萧玉官打了一喷嚏,没走两步,打了一个。
她揉了揉鼻子,傻笑。
诶,轩辕夙凤那小样儿,说是让她回家,可她才回来就想她了是吧?
她上手在背后交握,心情不出错地一路哼着小曲儿回家。
她居然用回家二字?灵国公府,算她个屁家啊。
那她还是回军道院练功吧,也不知道乔春丽怎样了,要不,先去给她买个礼物吧,谢她是要谢的,还有一点,她怪不好意思的,居然以为白寅喜欢她,然后大大吃醋……
呃,吃醋?她会吃白寅醋的?不至于啦,只是用词不当,刚才她还把去灵国公府说成回家呢对不对?所以她一定不会对白寅吃醋的!
不过,她倒是有见白寅的必要,因为她现在无法吸纳灵力,以她现在的修为,要达到想要夺取灵元,推翻轩辕皇朝的目标,还远远不够。
她需要尽快的提升自己!
想了这些,她又迅速摇头,万一白寅出来,轩辕夙凤又得遭殃了,那她可就得不偿失了。
一定会有别的办法的,一定会有!
“玉官师妹!”身后突然有人叫她。
她回头一看,脸上立刻露惊喜的笑容:“婉秋师姐,木恒师兄!”
徐婉秋跟司木恒朝她走了过来,徐婉秋说道:“司木恒说是你,我还有点不敢相信,两个月不见,你好像长高了。”
“没有吧。”
“那可能是瘦的看起来高了,我听说乔师姐说了你们在西境发生的事,也听了凤王爷的精彩战绩呃……”
说到凤王爷,这徐婉秋才想起来当初她跟司木恒,还没去东洲,就被凤王爷拆穿的事,顿时不好意思地说:
“玉官,对不起啊,上次答应帮你隐瞒王爷去东洲出任务的事,才到槐树茶馆就被王爷知道了。”
他们这么说,萧玉官才想起来这事。
“没事的,是我麻烦你们跑一趟东洲,才是感激不尽了。”
司木恒笑道:“那抱歉都感谢都不要说了吧,怪生分的。”
“师兄说的是,对了,你们在来长安是干什么来的?什么时候回军道院,我跟你们一起回去啊。”
徐婉秋愣了一下,解释道:“军道院七月会放假到中元节结束,七月二十五才开始授课,师妹不知道吗?”
“她是插班生,这两个月又不在军道院,自然不知道。”说这话的是司木恒。
萧玉官就问:“那你们现在是来长安玩吗?”
据他所知,他们俩都不是长安人。
徐婉秋说道:“是我们临时接了一个委托任务,任务目标在长安,所以就过来了。”
“什么任务啊?”
“寻人,帮那位小哥寻人。”徐婉秋看向身后。
萧玉官寻着她的目光,看向了站在大街对面站着的一个不过二十岁,缠着粗布衣,背后背着一个包袱,看起来有点呆萌的小哥,正在原地等着徐婉秋他们。
“那个人有点眼熟啊,他不会是叫你们,找莲吧?”
徐婉秋与司木恒同时一愣:“你知道莲?”
“我不知道莲,但见过那位找莲的粉丝,他应该是从外地过来的吧?”
“说是从北燕来的。”
“那绝对是铁粉没跑了。”
徐婉秋不解:“什么铁粉?”
“我说他真的是很想见到莲了。”
“说是要拜师学琴。”
萧玉官想了想:“我记得,他说的莲似乎在红楼画舫,而他手上应该有块登船的贵宾牌才对,你们上红楼画舫找过了吗?”

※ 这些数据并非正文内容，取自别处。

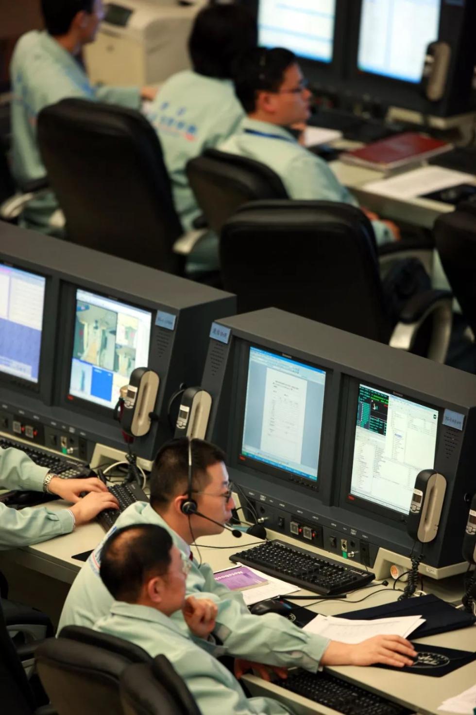 2011年11月3日凌晨,在酒泉卫星发射中心指控大厅,技术人员通过大屏幕观看天宫与神八对接全程。

“我们就是通过他的贵宾牌去了红楼画舫,但掌柜的说,莲根本不在画舫,其他客人可没见过莲的,但辛桑……哦,就是委托人,说他一定在,因为他听到他的琴声了。”
“然后呢?”
“然后掌柜的就没时间管我们了,让我们自己在船上吃喝玩乐,我们也接机把船上能找的地方都找了,加上辛桑自己都不知道莲长什么模样,就是从琴声找人,所以我们一无所获。”
徐婉秋说着,又转头看向那个呆萌的小哥:“但辛桑不想放弃,我也觉得他独自一人在异国他乡还挺可怜的。”
司木恒一听,心里心事不大高兴了:“为一个素未谋面的琴师,就不远千里寻来,这不叫可怜叫可笑,也不叫执着叫盲目。”
“司木恒,也不是我让你跟我一起接的任务,是你自己跟过来。”
“我不跟来,你要自己带着他找人吗?一个姑娘家跟个陌生男子这样,到底有没有警觉?”